* _TASK GOAL_
Set down exactly the lines from the first line of the records through the line that contains "ทำเนียบ กองนโยบายเเละแผน มหาวิทยาลัยราชภัฏสวนสุนันทา", and leave every picture out.

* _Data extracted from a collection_
******************************
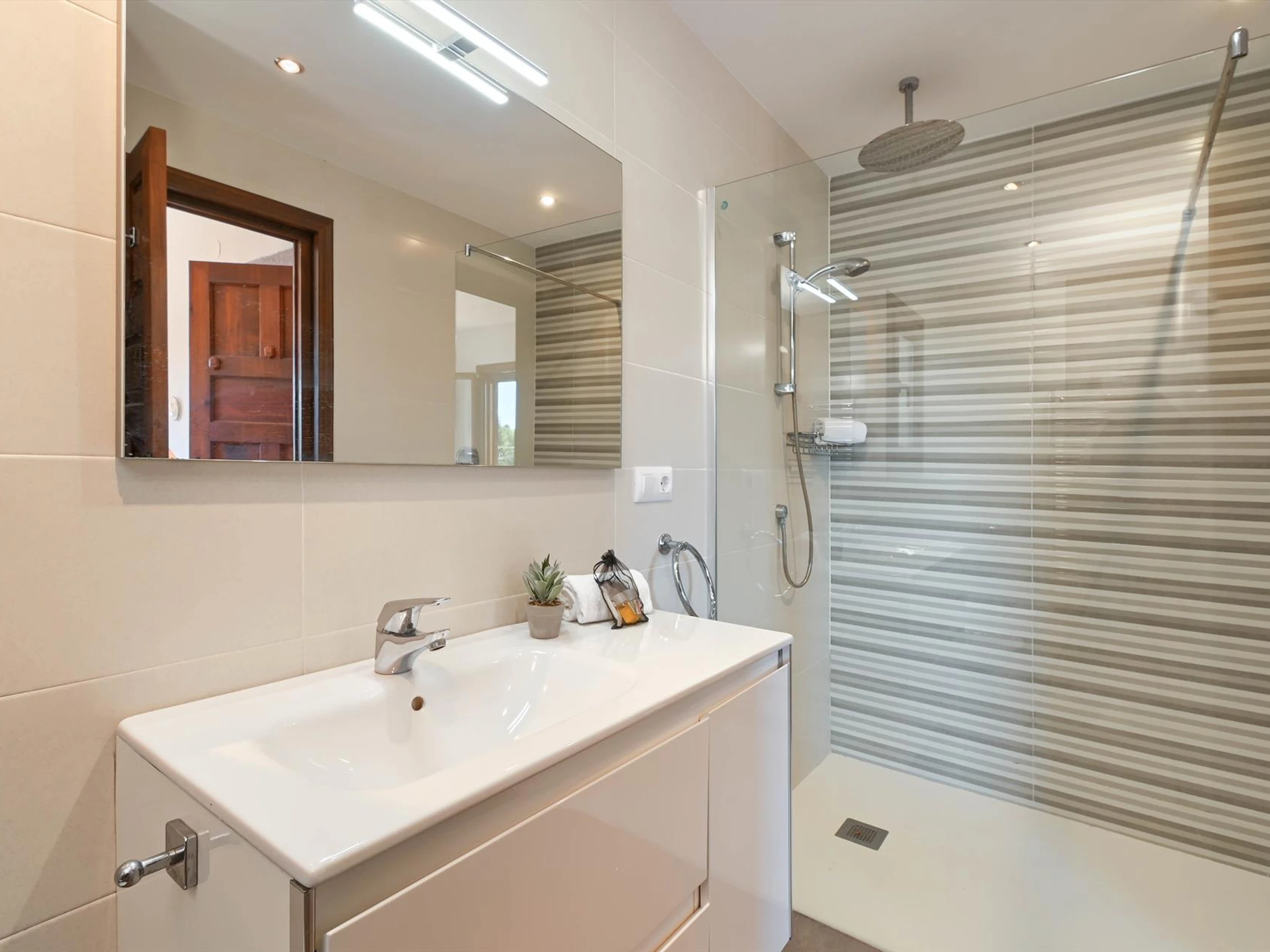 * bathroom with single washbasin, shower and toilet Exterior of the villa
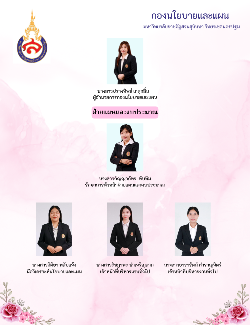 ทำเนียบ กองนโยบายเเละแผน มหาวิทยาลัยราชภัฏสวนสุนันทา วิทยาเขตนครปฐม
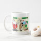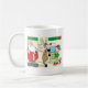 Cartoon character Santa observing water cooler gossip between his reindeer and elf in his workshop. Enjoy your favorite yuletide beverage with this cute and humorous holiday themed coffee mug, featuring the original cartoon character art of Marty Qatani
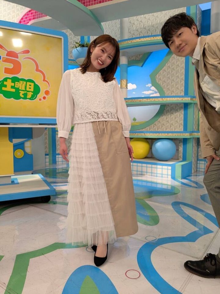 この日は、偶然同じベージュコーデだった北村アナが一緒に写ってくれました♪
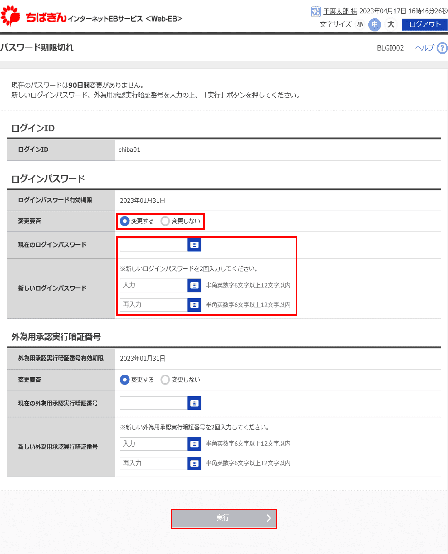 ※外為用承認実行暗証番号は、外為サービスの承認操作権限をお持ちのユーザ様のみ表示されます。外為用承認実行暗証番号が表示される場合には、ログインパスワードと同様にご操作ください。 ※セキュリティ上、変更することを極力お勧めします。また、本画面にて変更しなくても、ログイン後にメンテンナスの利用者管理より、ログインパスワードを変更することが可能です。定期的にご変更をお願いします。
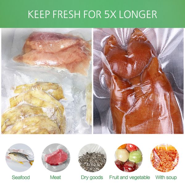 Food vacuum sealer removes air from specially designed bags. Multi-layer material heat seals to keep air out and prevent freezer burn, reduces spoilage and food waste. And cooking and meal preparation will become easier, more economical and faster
******************************
* _OUTPUT BELOW_
 * bathroom with single washbasin, shower and toilet Exterior of the villa
 ทำเนียบ กองนโยบายเเละแผน มหาวิทยาลัยราชภัฏสวนสุนันทา วิทยาเขตนครปฐม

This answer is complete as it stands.